● Material provided:
>>>>>
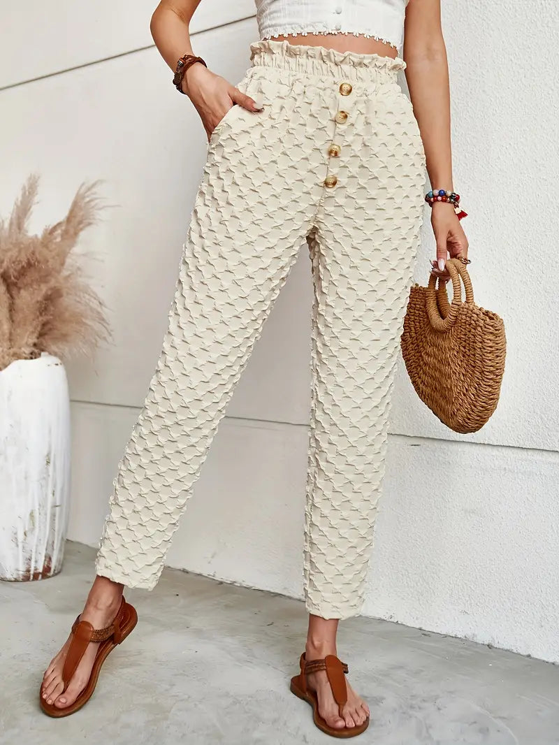 These structured beige pants are made from lightweight, breathable fabric with a unique 3D pattern that adds dimension and a stylish touch to your look . They have a loose, tailored fit, a comfortable elastic waistband and a button placket for a sleek finish.
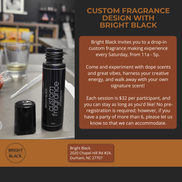 Bright Black invites you to a drop-in perfume making experience every Saturday, from 11a - 5p. Experiment with dope scents and great vibes,... Details
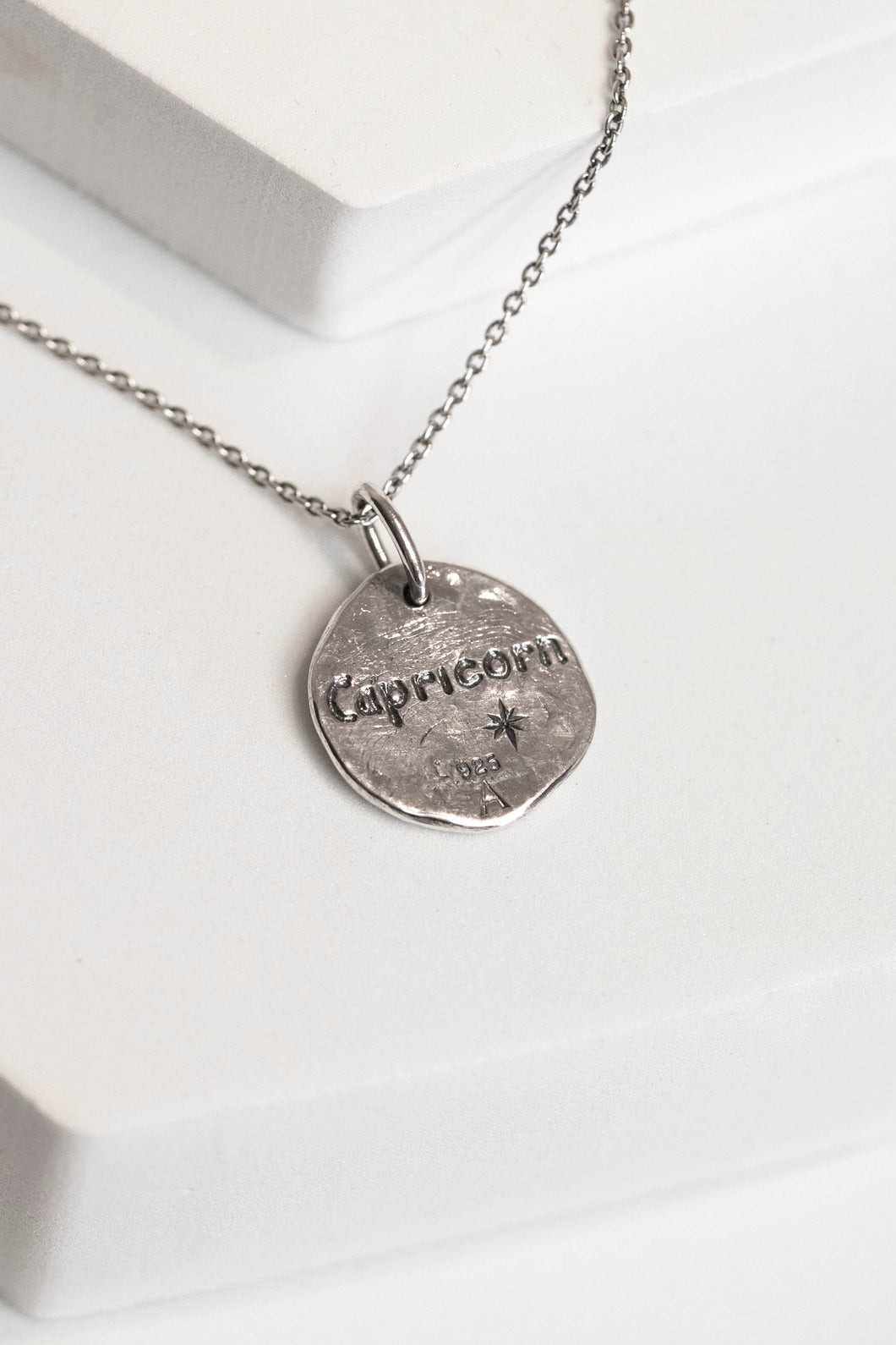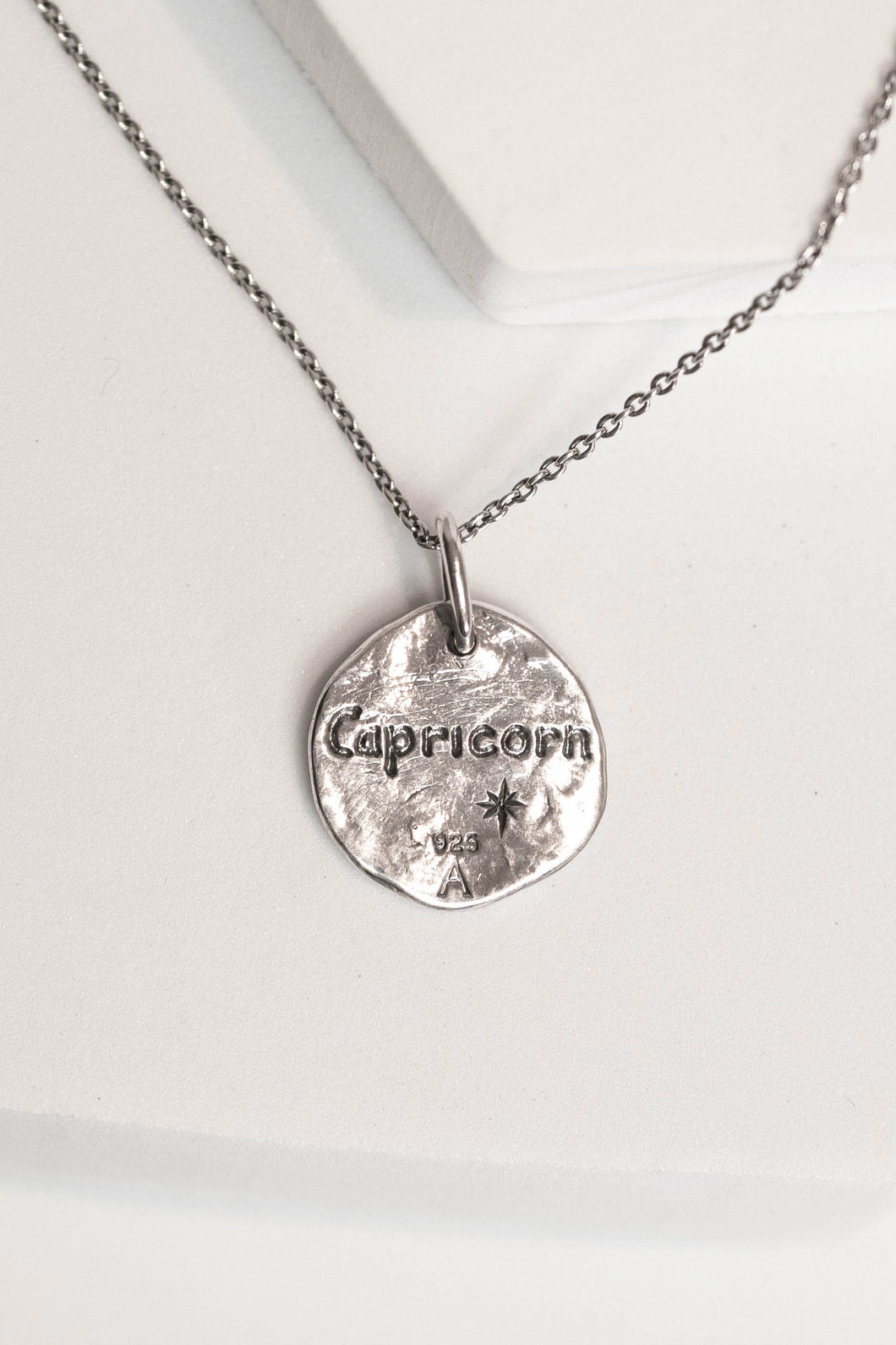 Crafted in .925 sterling silver, the Capricorn glyph rises like a mountain path under watchful stars. The pendant’s hand-hewn texture is reminiscent of a relic.
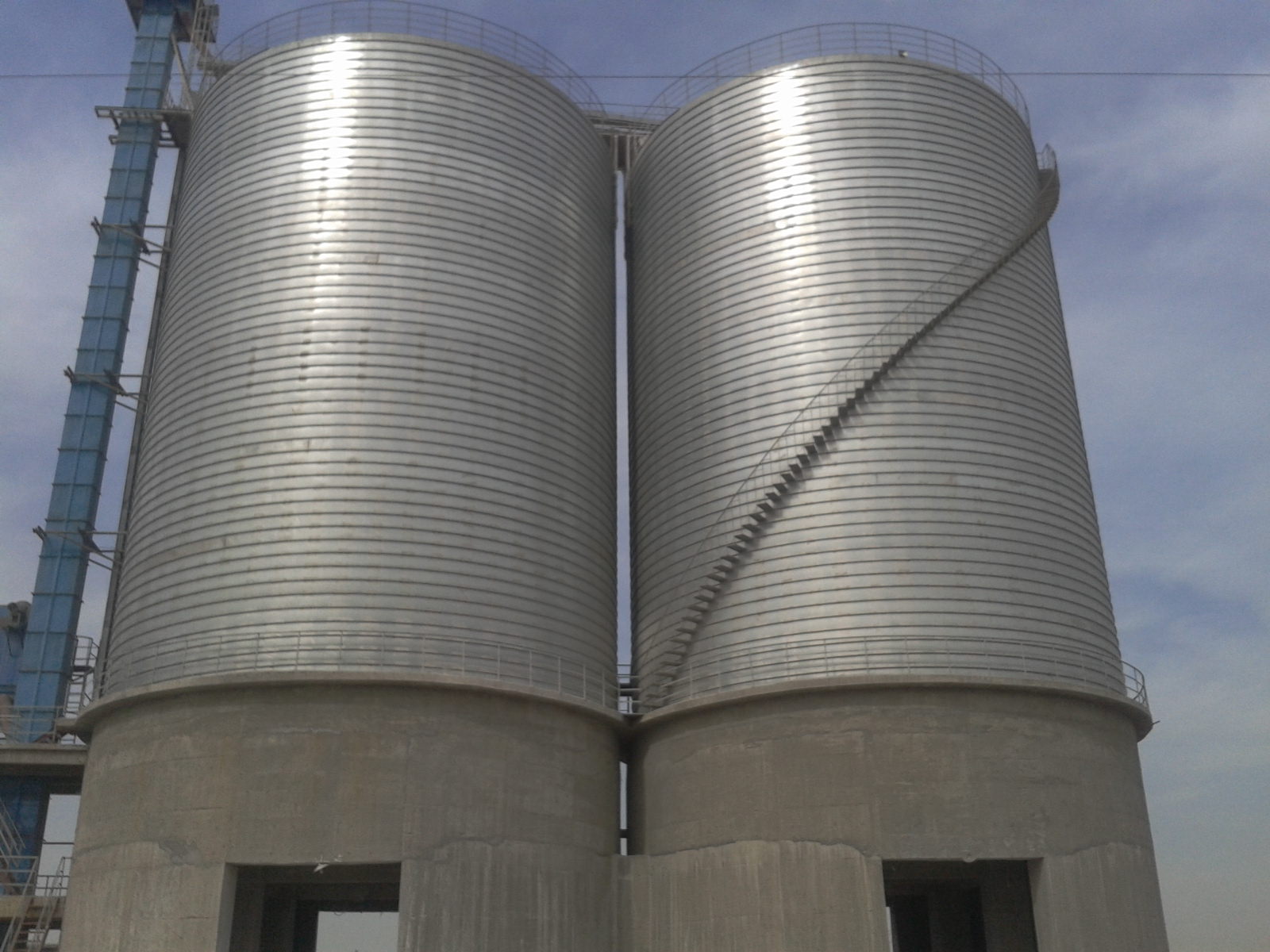 1;钢板仓在建造过程中,完全由专用设备施工,螺旋咬合钢板仓专用设备由承载机架、开卷机、弯折机和成型机组成,在卷制过程中,将495 mm宽的卷板送入成型机扎制成所需的几何形状,再通过折弯机弯折、咬口、仓体外壁咬制成一条五倍于材料厚度 30mm-40mm宽的螺旋凸条,大大加强了仓体的承载能力,使钢板仓的整体强度、稳定性、抗震性优于其它池罐。另外,利蒲仓采用的材料是防腐性能特别强的镀锌钢板,利浦钢板仓的仓体直径在5---20m以内选择,高度可在30m以下选用,这使得它的寿命也比其它池罐长。
<<<<<
● Task directions: Repeat the material above exactly. Leave every picture out of it.

● Exercise output:
 These structured beige pants are made from lightweight, breathable fabric with a unique 3D pattern that adds dimension and a stylish touch to your look . They have a loose, tailored fit, a comfortable elastic waistband and a button placket for a sleek finish.
 Bright Black invites you to a drop-in perfume making experience every Saturday, from 11a - 5p. Experiment with dope scents and great vibes,... Details
 Crafted in .925 sterling silver, the Capricorn glyph rises like a mountain path under watchful stars. The pendant’s hand-hewn texture is reminiscent of a relic.
 1;钢板仓在建造过程中,完全由专用设备施工,螺旋咬合钢板仓专用设备由承载机架、开卷机、弯折机和成型机组成,在卷制过程中,将495 mm宽的卷板送入成型机扎制成所需的几何形状,再通过折弯机弯折、咬口、仓体外壁咬制成一条五倍于材料厚度 30mm-40mm宽的螺旋凸条,大大加强了仓体的承载能力,使钢板仓的整体强度、稳定性、抗震性优于其它池罐。另外,利蒲仓采用的材料是防腐性能特别强的镀锌钢板,利浦钢板仓的仓体直径在5---20m以内选择,高度可在30m以下选用,这使得它的寿命也比其它池罐长。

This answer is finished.